В течение девяти лет, с 1856 по 1865 год, Чайковский часто посещал семью Пиччиоли, занимался с ним музыкой, слушал его пение и изучал итальянский язык. Но главным достижением музыканта было то, что он привил своему юному другу и ученику любовь к итальянской опере. По прошествии времени Чайковский признается в «Автобиографии», что именно Пиччиоли «был первым, кого заинтересовало мое музыкальное дарование. Влияние, которое он на меня оказал, было огромным: даже до сих пор я еще не вышел целиком из-под его власти. Пиччиоли был закоренелым врагом немецкой музыки, которую он считал неуклюжей, бессодержательной и педантичной, в то время как к итальянской музыке он питал чрезмерную любовь. Соответственно, я стал вдохновенным почитателем Россини, Беллини, Доницетти и по душевной простоте полагал, что Моцарт и Бетховен могут лишь вгонять человека в сон и что нет более ничтожной материи, чем опера Моцарта или симфония Бетховена. Ну, в этом отношении я, конечно, претерпел основательные перемены; <…> но и по сей день я испытываю некое приятное настроение духа, когда звучат богатые красотами арии, каватины, дуэты Россини с их руладами, и не могу слушать без слез некоторые мелодии Беллини».

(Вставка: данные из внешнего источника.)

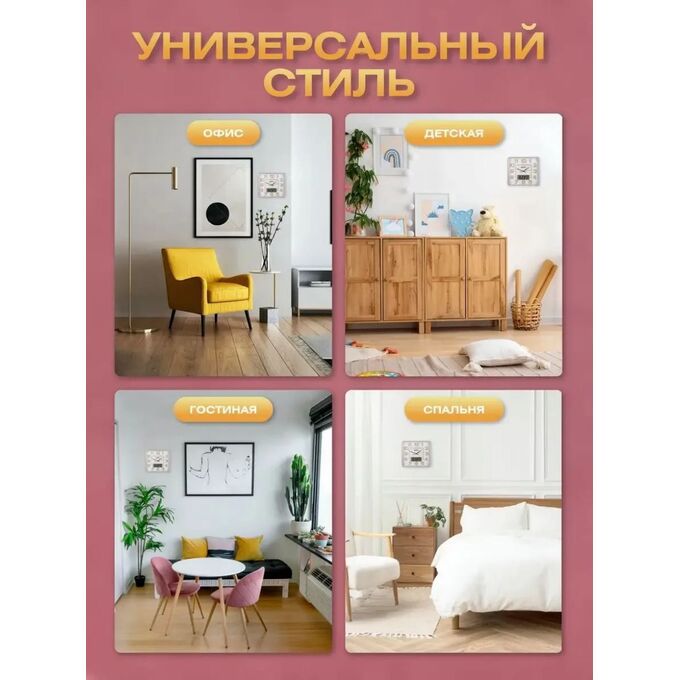 Часы настенные бесшумные прямоугольные с термометром и календарем не только показывают точное время, но и температуру и дату. Размер 34*30 см. Также, белые часы большие декоративные являются прекрасным украшением для любого домашнего интерьера гостиной, кухни, зала или спальни. Изготовленные из качественного пластика, они обладают неповторимым стилем и элегантностью, которая великолепно сочетается с любым декором. Прямоугольный циферблат этих красивых кухонных часов, который светится в темноте, имеет четкие большие цифры и стрелки, что позволяет легко прочитать время даже в ночное время суток. Часы интерьерные, благодаря своему механизму, работают от батареек без боя и шума, что делает их идеальным выбором для спальни, зала, детской комнаты, кухни или офиса. Часы светящиеся в темноте также могут служить как декоративный элемент в любой комнате или кухне, благодаря своему классическому дизайну и цветовому решению. Сочетание классики и лофт стиля определят достойное место на стене вашего дома и станут украшением интерьера. Отличный подарок! Они будут прекрасным выбором для любого человека, кто ценит красивые и функциональные предметы в своем доме или офисе. Настенные часы на кухню станут отличным подарком любой женщине.

Не подлежит сомнению, что влияние Пиччиоли, как и Кюндингера, способствовало постепенному утверждению мушки как главного дела в жизни Чайковского. Поворот этот наметился в 1861 году и точкой отсчета можно считать его письмо сестре от 10 марта: «Я был у Пиччиоли. Оба они так милы, к[ак] прежде. Она велела тебе передать тысячу поклонов и сказала, что любит тебя по-старому. <…> За ужином говорили про мой музыкальный талант. Папаша уверяет, что мне еще не поздно сделаться артистом. Хорошо бы если так; — но дело в том, что если во мне есть талант, то уже наверно его развивать уже невозможно. Из меня сделали чиновника — и то плохого; я стараюсь по возможности исправиться, заняться службою посерьезнее — и вдруг в то же время изучать генерал-бас (курс теории музыки. —
Чайковский понимал, что по выходе из училища он был в музыкальном смысле заурядный дилетант, которых в петербургском обществе вращалось достаточно. «Я очень часто испытывал поползновение что-нибудь сочинить, но какое-то внутреннее чувство всегда удерживало меня от этого. То я хотел стать музыкантом, свободно владеющим всеми средствами своего искусства, то остаться дилетантом, ограниченным и невежественным. <…> Между тем иногда меня охватывало как бы предчувствие, что со временем я еще брошусь целиком в объятия музыки. Разумеется, когда я говорил об этом моим друзьям, они смеялись надо мной. <…> Я много выезжал в свет, танцевал, участвовал в любительских спектаклях — короче, совсем не заботился, чтобы мои музыкальные занятия выходили за рамки очередного исполнении любимого “Дон Жуана” или разучивания небольшой салонной пьесы. Однако, при этом, время от времени, я заставлял себя разучивать симфонию Бетховена. Странно! Эта музыка настраивала меня на грустный лад и на неделю превращала в несчастного человека. С той поры меня заполнило неистовое желание написать самому симфонию, каковое при каждом соприкосновении с музыкой Бетховена прорывалось снова, но я слишком сильно чувствовал тогда мое невежество, мое полное бессилие во владении композиторской техникой, и это чувство доводило меня до отчаяния. Я все более и более впадал в уныние, испытывал глубокую неудовлетворенность своей судьбой, моя должность в [Министерстве юстиции] наскучила мне, я был разочарован и глубоко несчастен».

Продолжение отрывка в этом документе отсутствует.